I am trying to design a modular avionics bay whereby I came across a concept called parallel processing, whereby multiple MCU's can be utilised to both increase processing capabilities, decrease power consumption of one chip, and to allow for modular design (which is a major constraint). Although I don't know whether the STM32 chips ( mainly the f4 series I have been eyeing out) are capable of achieving this, and if they do how I can actually go about communicating between multiple 'master' devices, or whether one chip should be the master whilst the other stm mcus can be slaves? Send help

2 REPLIES 2
Danish1
Lead II

Some stm32 have two arm processor cores. On those ones two execution streams (threads / tasks / programs) execute simultaneously.

But for many applications, a single arm core may be shared between multiple threads by way of a real-time operating system (or a tasking library - I often use Rowley’s Crossworks Tasking Library).

As long as the processor(s) has enough power ro do all the tasks sufficiently quickly, plus a little overhead for task-switching and inter-process communication, then any stm32 may be chosen.
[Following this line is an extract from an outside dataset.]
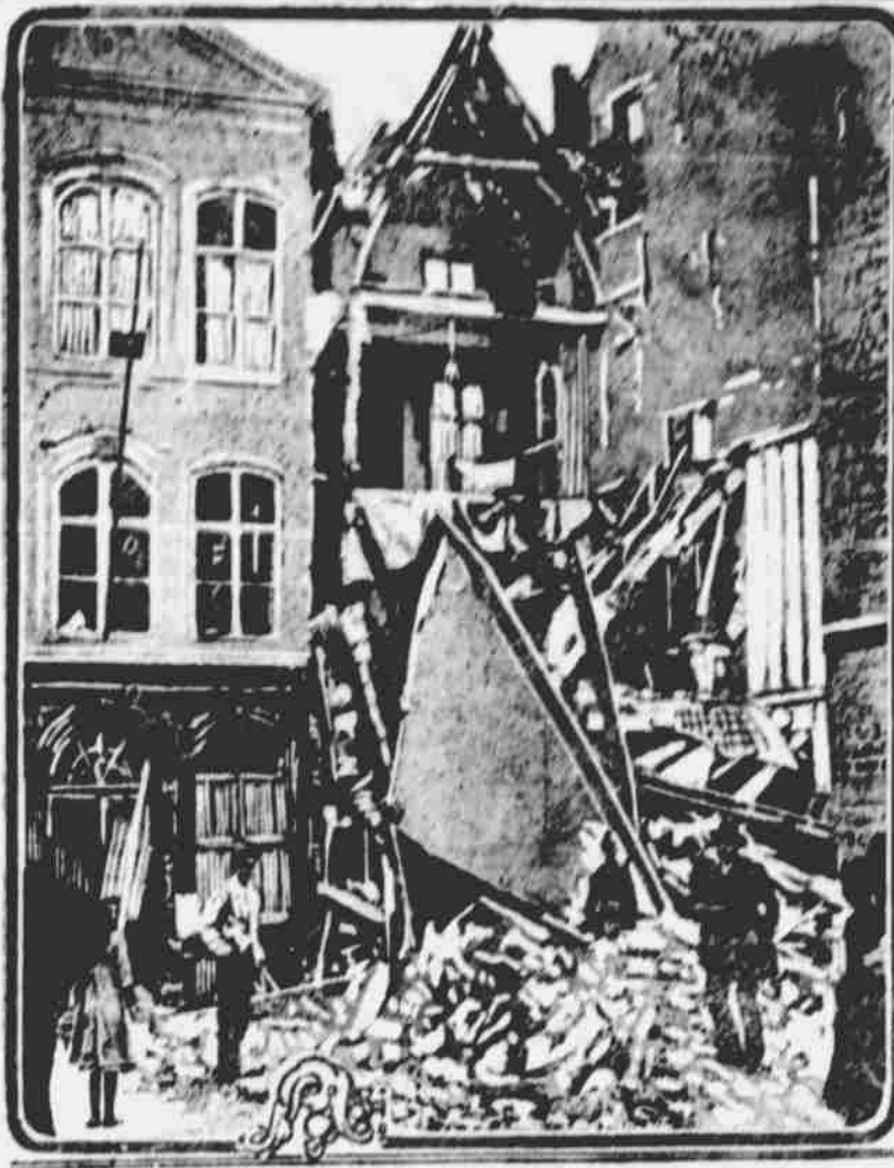
SPOUSTA ZPŮSOBENÁ DÉLŮVÝMI KOULEMI V MALINES, V BELGIJÍ.

V min. dnech přijelo do Stockholmu 6 lékařů a 24 ošetrovatelk amer. Červeného kříže na cestě do Petrohradu. Výprava odjede ze Stockholmu přes Raumo, švédonský přístav, odkud dopravena bude vlakem dále na své působiště. Švédský tisk jednohlasně chválí znamenitou organizaci americké kříže a obdivuje se jeho výtečným nemocničním pomůckám.

And the user will not see any problems.

Personally, if a single stm32 is powerful enough for the job, that’s my preferred route.

As to multiple master inter-chip communication, it depends on necessary bandwidth amongst other considerations. I2C is capable of multi-master, as is CAN and some UART

Send help? Surely a business where you'd have a team of engineers qualified to advise directly?

What volume of data needs to be communicated? Something CAN bus would suit?

Some of the Cortex-M7 would have significantly better math capabilities.

Ethernet? Some standard avionics bus?